Je travaille donc au fur et à mesure pour livrer ces textes, qui sont des points de vue parfois abstraits sur ma connaissance du monde.
Être ce que nul ne veut être,
- Ô, devenir de glace ! —
Sans savoir ce qui fut
Ni ce qui sera
Marina Tsvétaïéva
Impression de grâce au milieu même d’une anecdote, immutabilité de la science de la pensée, analyse des phénomènes qui, semblant subjectifs, sont davantage objectifs car organisant la vie de l’individu.
C’est un simple mouvement dans le temps.
Ce détail : mon image dans un miroir.

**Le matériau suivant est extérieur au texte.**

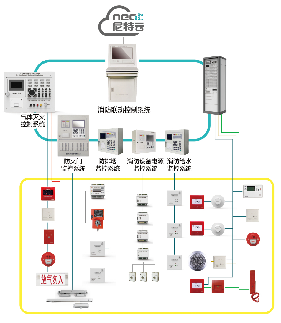 由于烏海機場各樓距離相對較遠,消防設施數量多、分布廣、種類繁雜、系統龐大,為消防安全系統改造工作帶來極大挑戰,要求作為消防設施核心的火災報警控制系統應具備聯動功能強、硬件容量大、報警控制快速準確、系統高穩定可靠等特點。在經過重重篩選與考量后,烏海機場對尼特高度集成的消防電氣系統解決方案給予了極高認可,最終確定了尼特作為此次消防安全系統改造工程供應商。
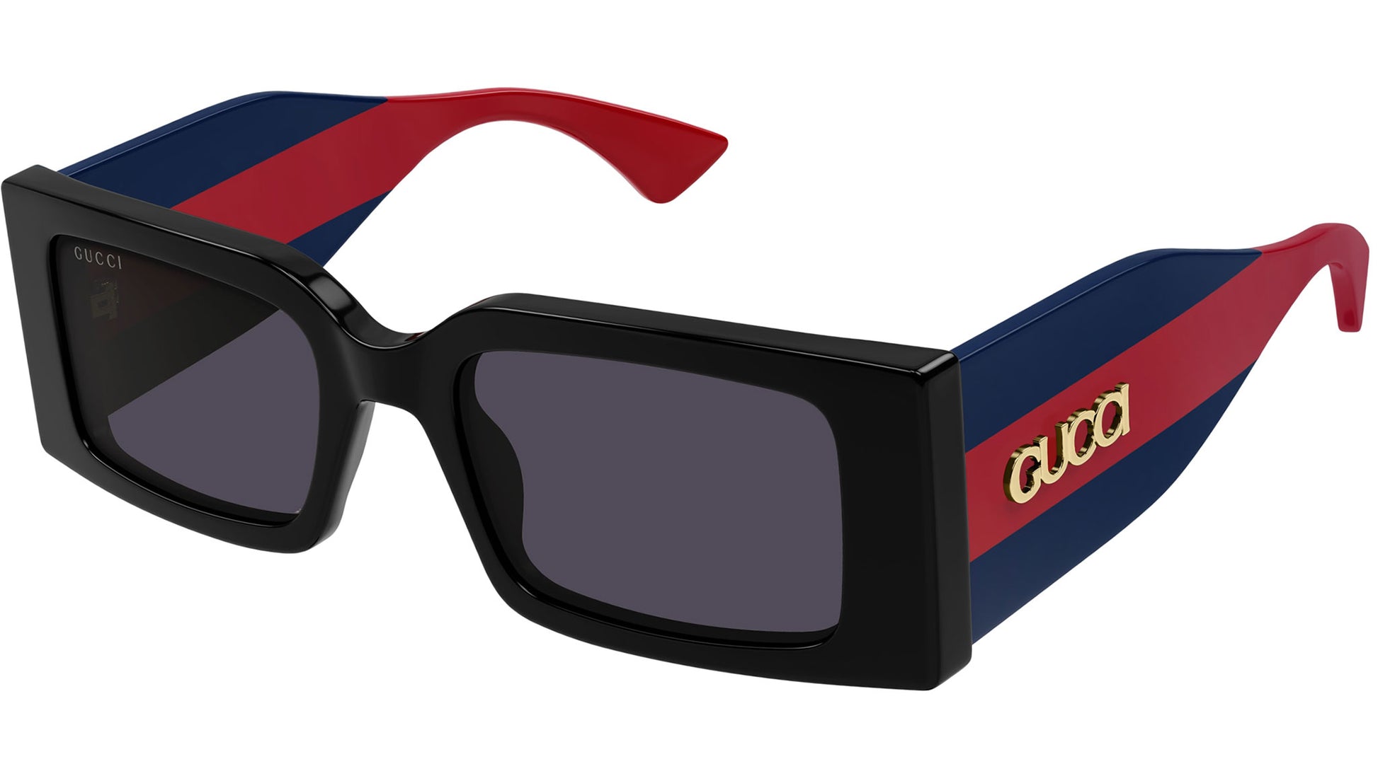 Gucci GG1860S 004 sunglasses for women, featuring shiny solid black rectangular recycled acetate frame and solid dark violet bio nylon lenses. Brand line: Web. Style code: GG1860S. Color code: 004. Made in Japan. Authorized Gucci online reseller. Your glasses will include the original case and accessories and are covered by a 12-month global warranty.

Que voir sinon la banalité d’un visage. Mais le miroir lui-même est signifiant.
Images d’un miroir argenté, plein de mouchetures, miroir de salle de bain et sa lumière zénithale, miroir en mandorle de la psyché. Ce sont des espaces objectifs.
Ainsi le crépitement intérieur est un fait métaphysique, et ici, matériellement ressenti. Car si j’écoute ma pensée, je la sais réelle, matérielle, humaine.
Donc son objectivité ne fait pas de doute.
Cette minute elle aussi vaque parmi les abstractions.
Néanmoins, elle produit de la durée, sorte de sucre fondant, cycles courts ou longs, le temps s’abolit comme matière.
L’ordinaire d’une journée. Le matin, la promenade dans les bois, l’après-midi, le bol de thé, écrire, réécrire, dactylographier, pour au soir, lire plusieurs heures. Je ne suis témoin que de la force inconnue qui domine le passage des heures.
On sait que le passé est gravé pour toujours et que l’on peut ralentir le futur. Quid du présent et de sa vague présence au sein d’un extraordinaire néant ?
Être oblige à renoncer, à choisir, à gâter, à perdre.
Ravissement. Instants arc-boutés. Le corps et l’esprit.
Toute cette confusion. Seule capable de définir le réel.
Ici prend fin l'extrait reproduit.